Que faire dans cette situation qui ressemble à une impasse? Il ne faut pas être grossier, mais il ne convient pas non plus de capituler : les concessions ne feraient qu’entraîner de nouvelles revendications.
Ainsi, la promesse incompréhensible donnée par nos fonctionnaires au sommet Russie-UE de Lahti d’accorder, dès 2007, des corridors aériens gratuits au-dessus de la Sibérie aux compagnies européennes a déjà provoqué une escalade des demandes de nouvelles concessions.
Mais l’impasse dans les rapports entre la Russie et l’UE est apparente. Une issue sera trouvée dans quelques années si la Russie surmonte le modèle absolument inefficace de développement politique et économique. Quant à l’Europe, elle sortira de l’impasse où elle s’est retrouvée à la suite de ses succès passés et de son incapacité de raisonner de façon stratégique aussi bien dans le présent que sur le long terme.
Les nouveaux membres de l’UE qui rejettent l’Europe en arrière et qui font parfois le jeu de ses concurrents s’assimileront.
Une nouvelle génération de leaders fera son apparition. Ils ne seront pas attachés au vieux modèle socialiste (bien que civilisé) de développement de l’Europe. Ceux qui rejettent le socialisme peuvent les aider.
Espérons que les dirigeants de l’Europe effectueront un virage à droite et rajeuniront. Je souhaite que des changements analogues se produisent chez nous. Cela entraînera un nouveau tour de rapprochement ayant à sa base non pas les rapports entre le maître et son élève, mais la concurrence sans exagération. Il ne convient pas de reléguer la Russie dans le rôle d’élève.
Le modèle de la future Europe sera déterminé. Le sommet historique de l’UE se tiendra le 25 mars, lorsque cette organisation célébrera le 50e anniversaire du Traité de Rome fondateur de la Communauté économique européenne. Les meilleurs cerveaux d’Europe élaborent la déclaration du sommet appelée à exposer la vision stratégique de l’avenir et à sortir l’UE de l’impasse.
Malgré mon profond respect et mon affection pour ces gens, je prévois qu’ils n’y parviendront pas. Pour cela, il faut soit proclamer l’orientation vers une union politique et la création d’un Etat quasi-fédératif, ce que les Européens n’accepteront pas, soit appeler à faire marche arrière, à reconnaître que l’orientation vers l’unification politique et la politique étrangère et militaire commune était erronée. Il sera difficile de le faire. Il y a également une troisième voie, celle de la création d’une superunion : l’union stratégique avec les territoires, les forces armées et le potentiel de ressources de la Russie. Mais les Européens n’y sont pas encore prêts.

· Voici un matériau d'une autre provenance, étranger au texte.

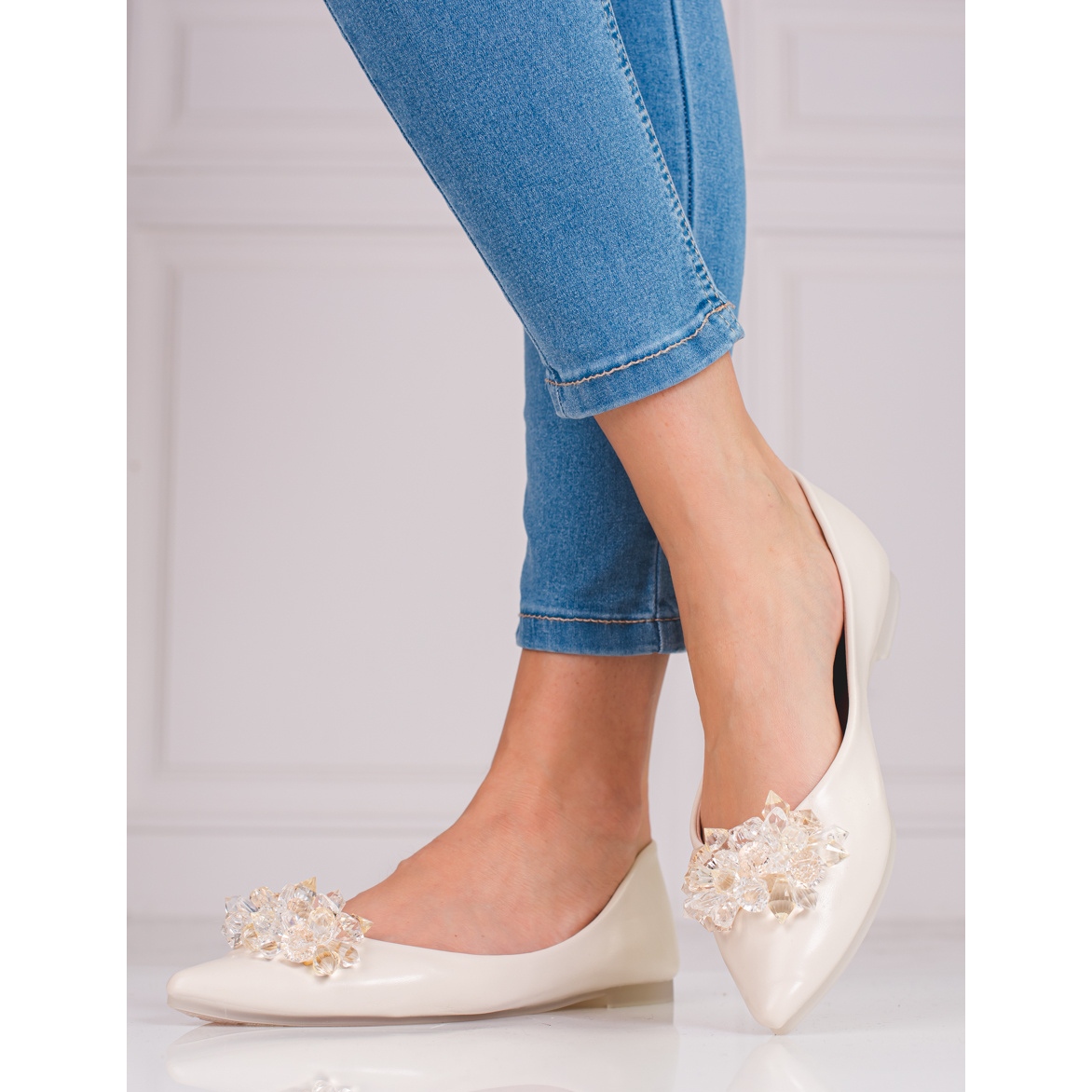 Balerinii de damă cu cristale de la SHELOVET sunt o alegere excelentă pentru femeile care apreciază eleganța și confortul în utilizarea de zi cu zi. În varianta bej, acești pantofi frumoși se potrivesc perfect în tendințele de primăvară-vară, combinând stilul casual cu un pic de clasic și eleganță.

Bref, il faut attendre sans marchander pour un rien et ne pas céder, il faut se rapprocher au niveau humain, culturel, au niveau des petites affaires concrètes et projets.
Nous pouvons réussir. Si nous n’échouons pas en tant que civilisation et ne nous enlisons pas dans le marais de l’isolationnisme, nous nous renforcerons et, au bout de quelques années, les Européens qui s’affaibliront inévitablement par rapport à d’autres centres pourront réfléchir sur cette «troisième voie».
Ce serait le début d’un nouveau tour de rapprochement historique entre la Russie et l’Europe, rapprochement avantageux et salutaire pour tous les Européens, de l’Atlantique jusqu’à Vladivostok.